Exercise objective:
As the answer, give exactly the lines of the records below from the one with "Trinity Women’s Forum, National" through the one with "Myydään aitoa nahkaa", ends included and pictures left out.

(Records shown Opens)

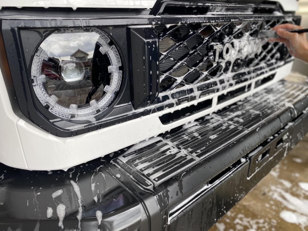 隙間に汚れが溜まりやすいため、ウォッシュミットが届かない箇所はソフトブラシを使い、優しくアプローチしていきます。
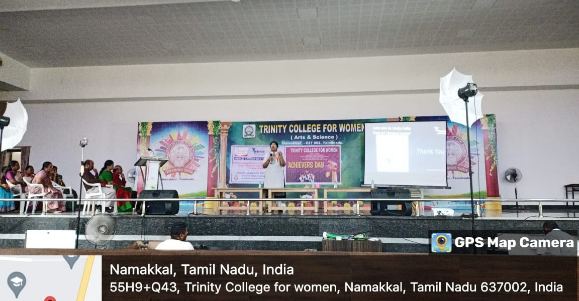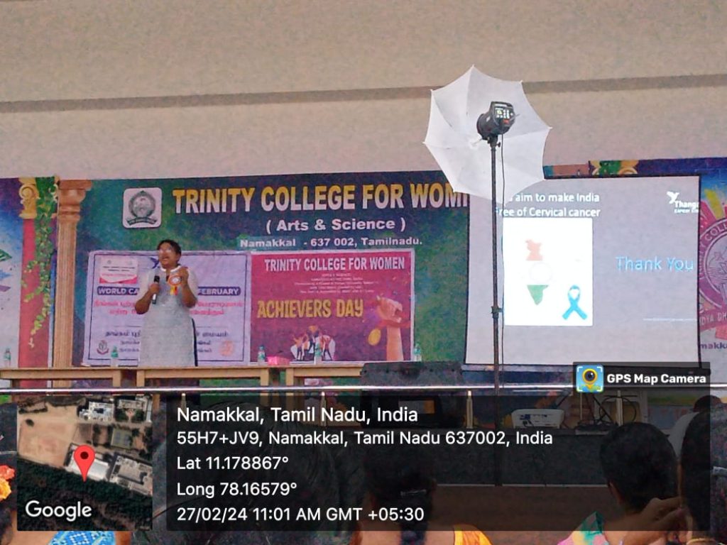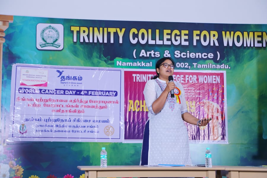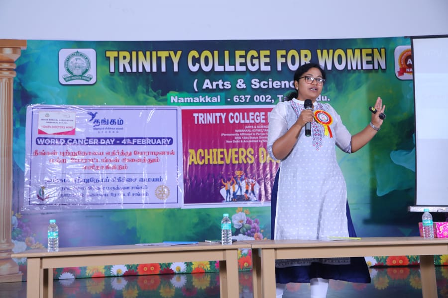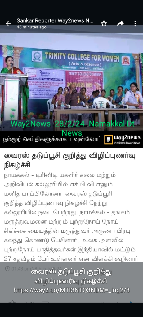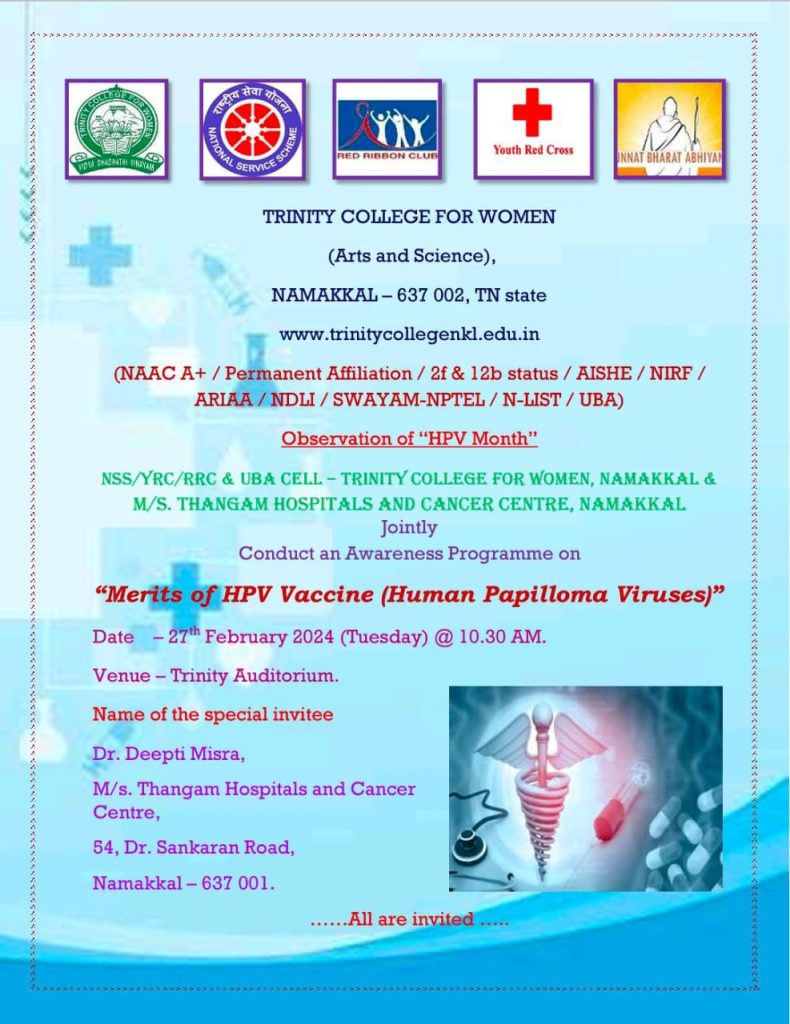 Trinity Women’s Forum, National Service Scheme, Youth Red Cross, Red Ribbon Club, and Unnat Bharat Abhiyan Cell, Trinity College for Women, Namakkal, in support of Thangam Hospitals and Cancer Centre, Namakkal jointly conducted an awareness program on “Merits of HPV (Human Papilloma Viruses)” on February 27, 2024, in the premises of Trinity Auditorium. Dr. Aruna Prabhu, Surgical Oncologist, Thangam Hospital and Cancer Centre, Namakkal was the special invitee. This HPV vaccine protects us against mouth, throat, head and neck cancers caused by Human Papilloma Viruses, she pointed out.
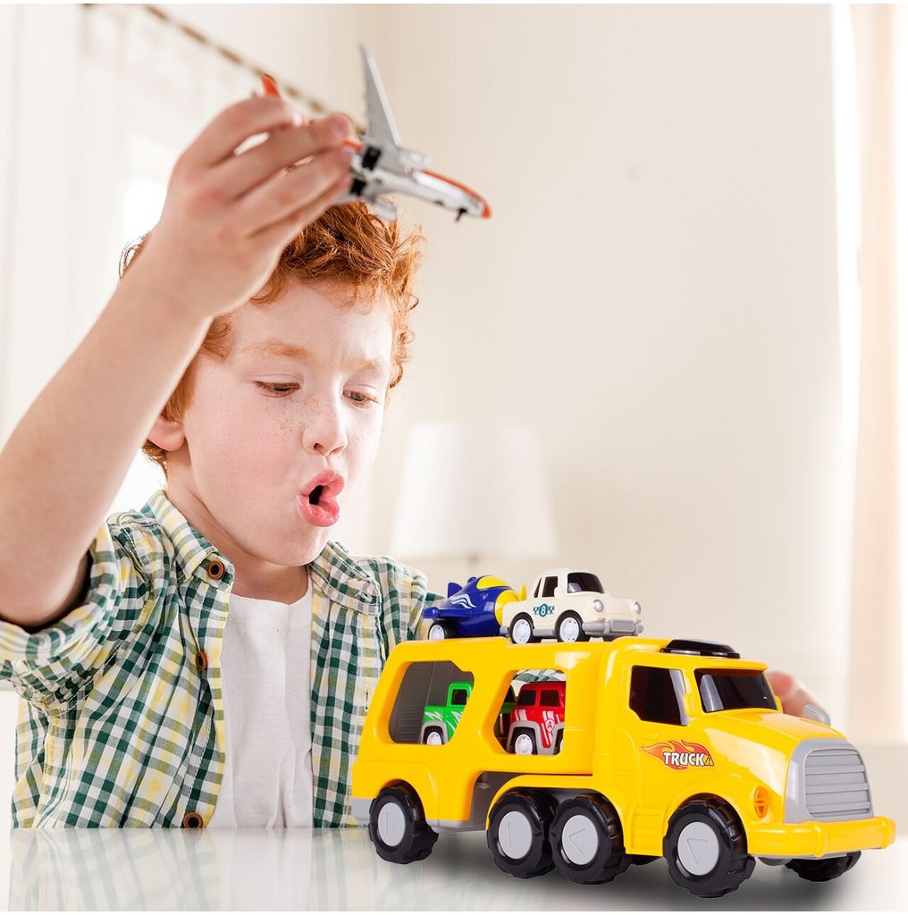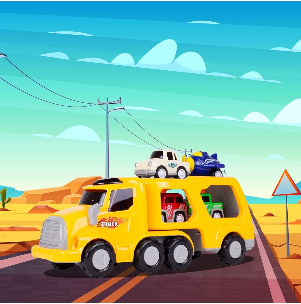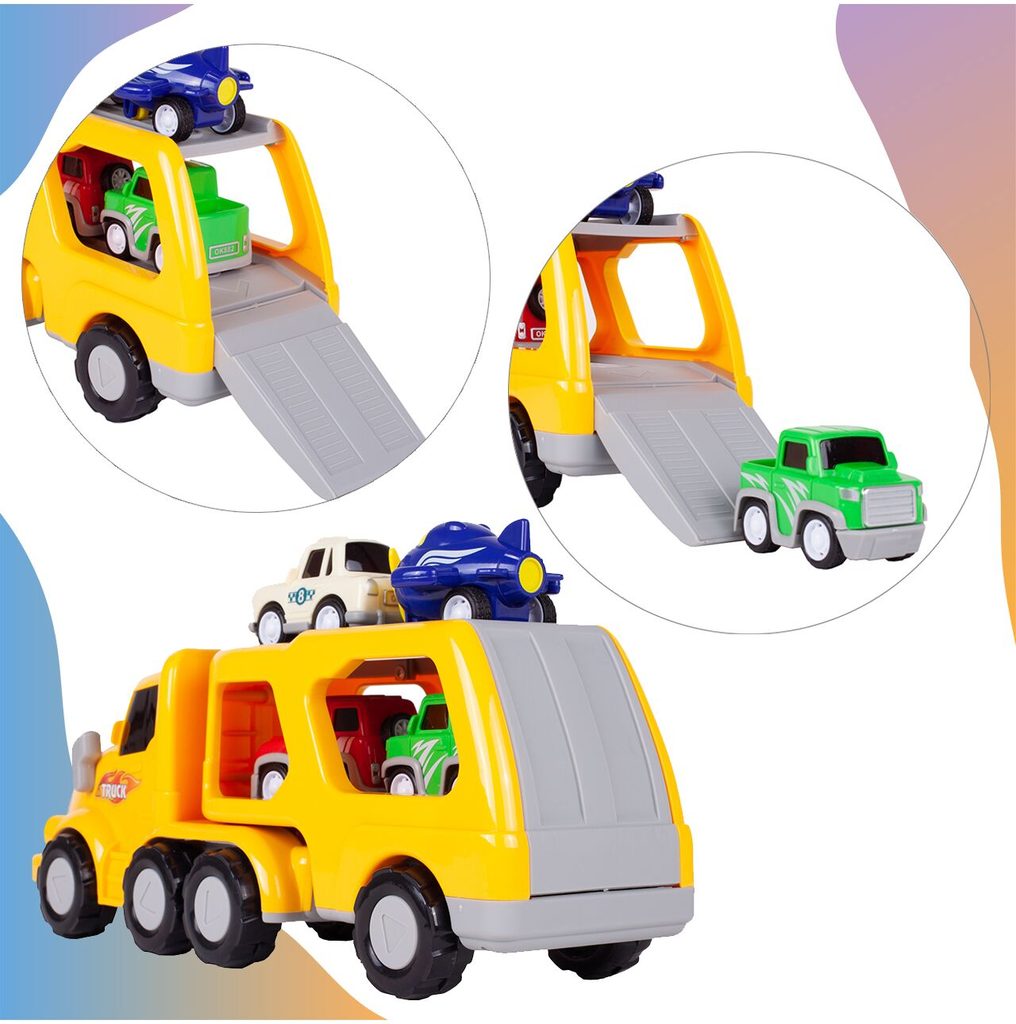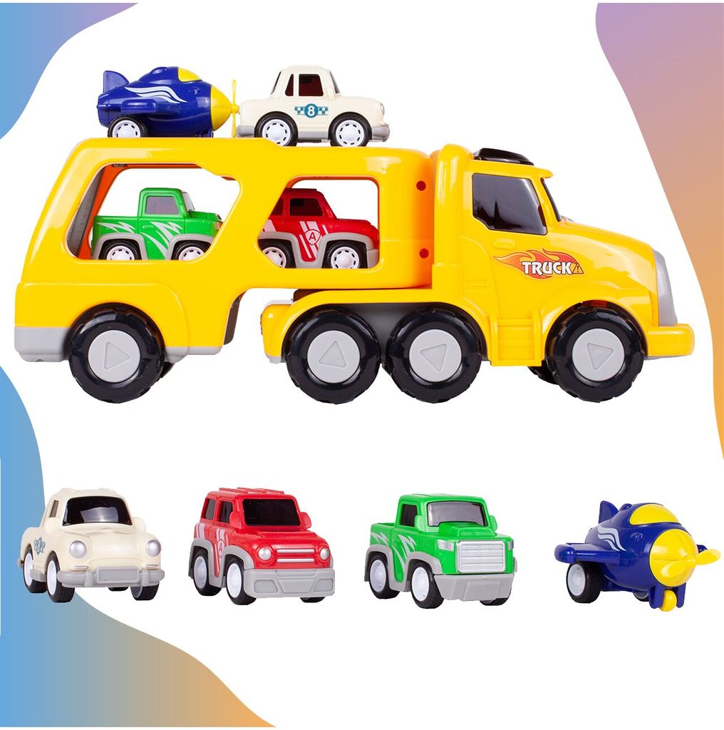 Nákladní auto na setrvačník Transport Car je ideální hračkou pro rozvoj manuální zručnosti a logického myšlení. Součástí sady jsou 3 autíčka a helikoptéra. Auto je vybaveno tlačítkem, které spouští melodie a žluté přední světla. Malé autíčka mají natahovací mechanismus. Pohon velkého auta s otáčecím návěsem zajišťuje setrvačník. Zadní plošina je sklopná. Hračka je určena pro děti od 36 měsíců věku.
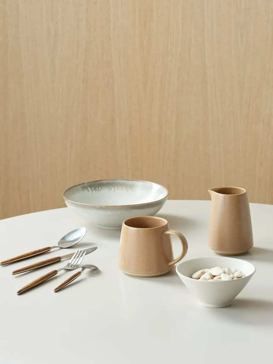 Pot à lait en grès brun avec un design contemporain et minimaliste. Résistant au lave-vaisselle. Ø8 x H11 cm
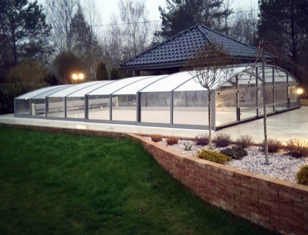 Es ist eine halbhohe Poolüberdachung mit den höchsten Festigkeitsparametern. Die fast vertikalen Seitenwände der Struktur bieten unbegrenzte Möglichkeiten, den Strand zu gestalten, und ermöglichen gleichzeitig einen außergewöhnlichen Komfort beim Schwimmen und Verweilen im Wasser. Darüber hinaus beseitigt die Überdachung dank ihrer gewölbten Struktur im oberen Teil Probleme mit Schnee und leitet Regenwasser perfekt ab.
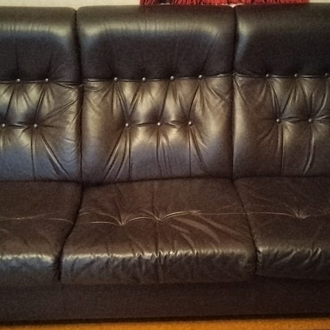 Myydään aitoa nahkaa oleva kahden istuttava sohva. Mitat korkeus 90cm, leveys 145cm, syvyys 80cm
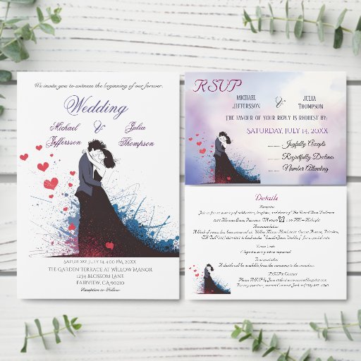 Essa elegante e artística design combina o romance com uma design moderna e expressiva. A peça central é uma silhueta de um casal que abraça apaixonadamente, simbolizando amor e unidade. O trabalho de arte apresenta um efeito de abertura criativo em tons de azul profundo, vermelho e preto, acrescentando um toque contemporâneo e dinâmico. Corações dispersos aumentam o sentimento romântico, enquanto a fonte na moda caligráfica proporciona uma elegância eterno. O layout é limpo, mas expressivo, fazer perfeito para casais que querem um tema único, ligeiramente não convencional e de casamento artístico. A imagem combina a sofisticação tradicional com uma estética moderna, nova, fazer adequada para casamentos criativos, boêmicos ou românticos.
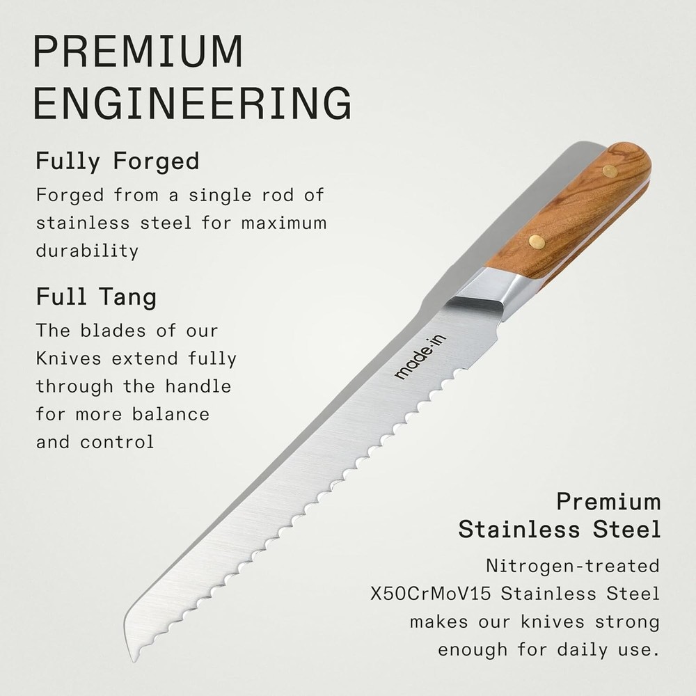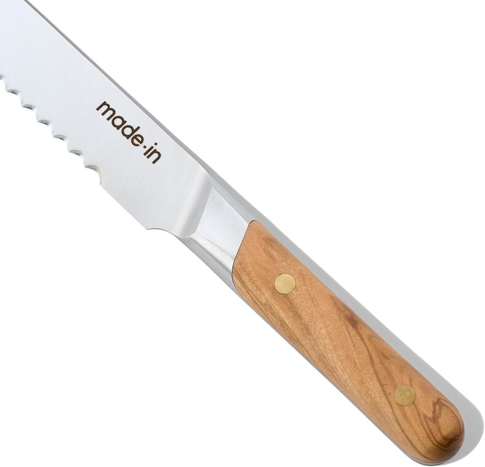 Cookware - 9" Inch Bread Knife - Crafted in France - Full Tang With Olive Wood Handle Blade Length: 9” | Blade Height: " | Blade Thickness: 2 mm | Total Length: 14” Stainless Steel Blade - Nitrogen-treated X50CrMoV15 Stainless Steel makes Knives strong enough for daily use Full Tang - The blades of Knives extend fully through the handle for more balance and control Fully Forged - Knives are forged from a single rod of stainless steel for maximum durability Sensational Slicing - This Bread Knife was designed in partnership with Nancy Silverton to effortlessly slice your baguettes, ciabattas, or sourdough France - Knives are forged by a 5th generation bladesmith in the knife capital of the world: Thiers, France
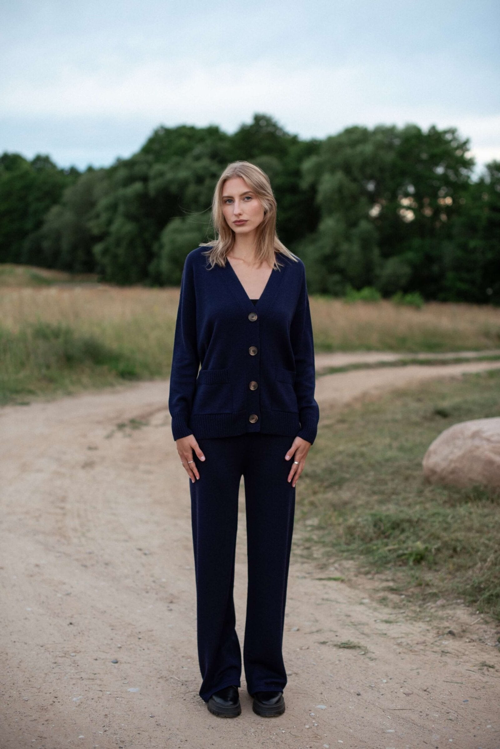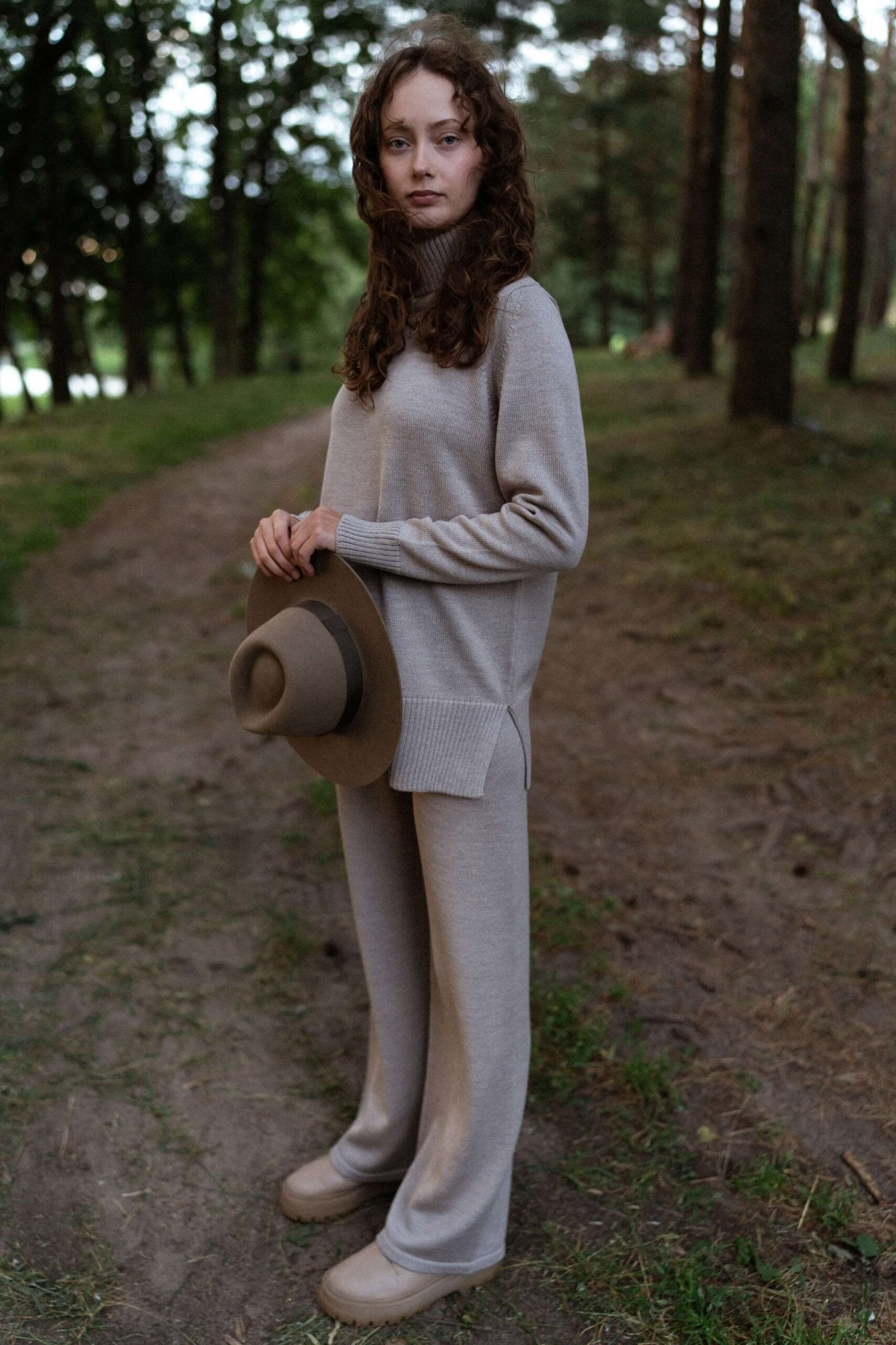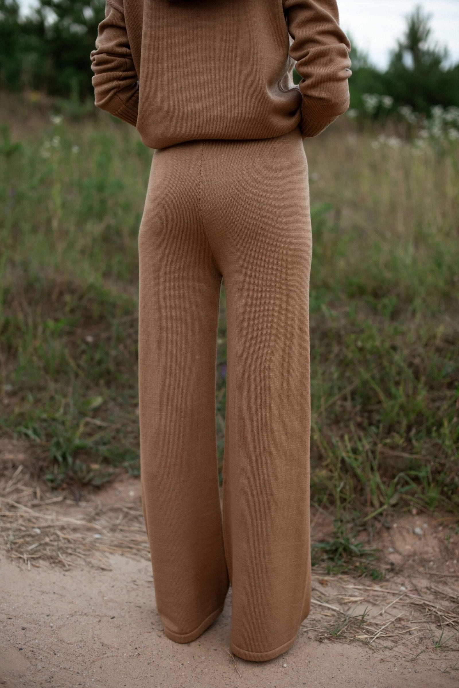 Knitted Merino Wool Pants and Cardigan Set Camel
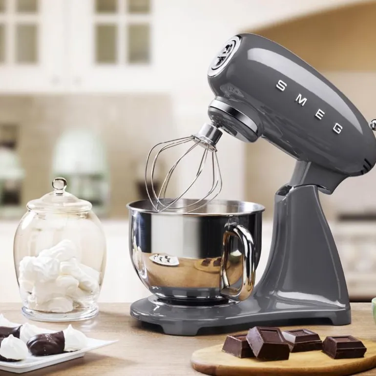 SMEG kjøkkenmaskin (SMF03) grå er maskinen for deg som liker å bake – og god design. Det stilige 50-tallsdesignet i grått, kombinert med en kraftig motor på 800W, gjør at denne kjøkkenmaskinen imponerer både med utseende og funksjonalitet.
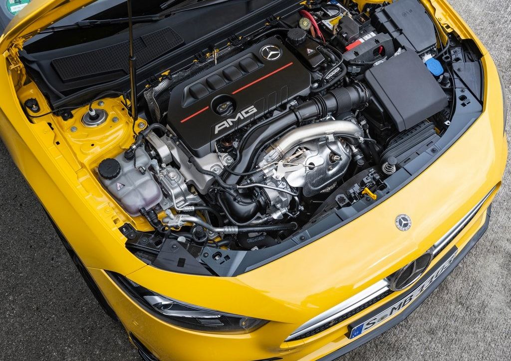 Новый Mercedes-AMG A35 оснащается модифицированным двухлитровым турбо-мотором M260 – тем самым, что прячется под капотом не-AMG модели. Однако в спортивном исполнении этот мотор развивает 305 л.с. и 400 номов. Двигатель соединен с семиступенчатым “роботом” с двойным сцеплением AMG Speedshift DCT 7G. Горячий хэтчбек имеет полноприводную трансмиссию.

(Records shown Closes)

Answer section:
 Trinity Women’s Forum, National Service Scheme, Youth Red Cross, Red Ribbon Club, and Unnat Bharat Abhiyan Cell, Trinity College for Women, Namakkal, in support of Thangam Hospitals and Cancer Centre, Namakkal jointly conducted an awareness program on “Merits of HPV (Human Papilloma Viruses)” on February 27, 2024, in the premises of Trinity Auditorium. Dr. Aruna Prabhu, Surgical Oncologist, Thangam Hospital and Cancer Centre, Namakkal was the special invitee. This HPV vaccine protects us against mouth, throat, head and neck cancers caused by Human Papilloma Viruses, she pointed out.
 Nákladní auto na setrvačník Transport Car je ideální hračkou pro rozvoj manuální zručnosti a logického myšlení. Součástí sady jsou 3 autíčka a helikoptéra. Auto je vybaveno tlačítkem, které spouští melodie a žluté přední světla. Malé autíčka mají natahovací mechanismus. Pohon velkého auta s otáčecím návěsem zajišťuje setrvačník. Zadní plošina je sklopná. Hračka je určena pro děti od 36 měsíců věku.
 Pot à lait en grès brun avec un design contemporain et minimaliste. Résistant au lave-vaisselle. Ø8 x H11 cm
 Es ist eine halbhohe Poolüberdachung mit den höchsten Festigkeitsparametern. Die fast vertikalen Seitenwände der Struktur bieten unbegrenzte Möglichkeiten, den Strand zu gestalten, und ermöglichen gleichzeitig einen außergewöhnlichen Komfort beim Schwimmen und Verweilen im Wasser. Darüber hinaus beseitigt die Überdachung dank ihrer gewölbten Struktur im oberen Teil Probleme mit Schnee und leitet Regenwasser perfekt ab.
 Myydään aitoa nahkaa oleva kahden istuttava sohva. Mitat korkeus 90cm, leveys 145cm, syvyys 80cm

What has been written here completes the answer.